Proportion of variance explained
In correlations we discussed how the strength of association is the proportion of variance of y explained by x. For simple regression, in which there is only 1 predictor, this is also the case:
\[ r = \frac{var_{xy}}{totalVariance} = \frac{\sum(x_i-\bar{x})(y_i-\bar{y})} {\sqrt{\sum(x_i-\bar{x})^2*\sum(y_i-\bar{y})^2}} \]
Lets apply the above formula to see what R is for \(gdp\) and \(life\) \(expectancy\):
gdp_life_expectancy_r <- sum(
(gapminder_2007$lifeExp-mean(gapminder_2007$lifeExp)) *
(gapminder_2007$gdpPercap-mean(gapminder_2007$gdpPercap))
)/
sqrt(
sum((gapminder_2007$lifeExp - mean(gapminder_2007$lifeExp))^2) *
sum((gapminder_2007$gdpPercap - mean(gapminder_2007$gdpPercap))^2)
)
gdp_life_expectancy_r[1] 0.6786624This is r. If this is the same as a correlation, then we can just use a correlational function to get the same value:
cor(gapminder_2007$lifeExp, gapminder_2007$gdpPercap)[1] 0.6786624Great! Now in regressions we tend to report the \(R^2\) rather than r.
# r^2
gdp_life_expectancy_r^2 [1] 0.4605827We can confirm that squaring \(r\) gives \(R^2\) as from a linear model function:
summary(lm(
data = gapminder_2007,
formula = lifeExp ~ gdpPercap # predict life expectancy from GDP
))$r.squared[1] 0.4605827How to get gradient/beta/estimate values
You may be wondering how the gradient/beta/estimate is calculated in the above figures.
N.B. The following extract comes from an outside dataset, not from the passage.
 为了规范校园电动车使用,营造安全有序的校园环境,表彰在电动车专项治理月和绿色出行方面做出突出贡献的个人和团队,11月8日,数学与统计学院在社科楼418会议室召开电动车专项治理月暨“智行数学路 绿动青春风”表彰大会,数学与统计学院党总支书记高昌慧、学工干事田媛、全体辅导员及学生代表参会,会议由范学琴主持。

The formula for calculating the gradient is:
\[ gradient = r * \frac{sd(outcome)}{sd(predictor)} \]
Which can be thought of as:
\[ gradient = association * scale \]
Your r-value is a standardised value showing the strength of the association that ignores scale; i.e. it is a number between -1 and 1 regardless of what units and range of numbers are typical for the variables. The scale for the above correlation is years (life expectancy) per dollar (gdp), so by dividing the SD of life expectancy by the SD of gdp we get a measure of how these variables scale to each other. In terms of how life expectancy scales against gdp:
\[ \frac{sd(lifeExp)}{sd(gdp)} = \frac{12.07302}{12859.94} = .0009388084 \]
…and then apply the strength of the association to get your gradient/beta:
\[ gradient = r * \frac{sd(lifeExp)}{sd(gdp)} = .6786624 * .0009388084 = .000637134 \]
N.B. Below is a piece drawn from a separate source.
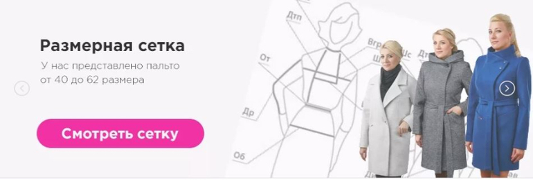 Мы предоставляем широкий ассортимент молодежных и женских пальто, плащей, ветровок и толстовок абсолютно на любой «вкус и цвет». Диапазон размеров также довольно разнообразен - от 42 до 62 - что позволяет нам удовлетворить запросы практически всех покупательниц. Также предлагается большой выбор материала: терракот, твид, плащевка и жаккард. Не выходя из дома, Вы сможете найти пальто своей мечты на нашем сайте.

Is this the same as the estimate of gradient/beta we get using a linear model function?
summary(lm(
data = gapminder_2007,
formula = lifeExp ~ gdpPercap # predict life expectancy from GDP
))
Call:
lm(formula = lifeExp ~ gdpPercap, data = gapminder_2007)
Residuals:
Min 1Q Median 3Q Max
-22.828 -6.316 1.922 6.898 13.128
Coefficients:
Estimate Std. Error t value Pr(>|t|)
(Intercept) 59.56565008 1.01040864 58.95 <0.0000000000000002 ***
gdpPercap 0.00063713 0.00005827 10.93 <0.0000000000000002 ***
---
Signif. codes: 0 '***' 0.001 '**' 0.01 '*' 0.05 '.' 0.1 ' ' 1
Residual standard error: 8.899 on 140 degrees of freedom
Multiple R-squared: 0.4606, Adjusted R-squared: 0.4567
F-statistic: 119.5 on 1 and 140 DF, p-value: < 0.00000000000000022Yes (see estimate for gdpPercap).
Question 1
Is an r-value a standardised or unstandardised estimate of the association between a predictor and an outcome?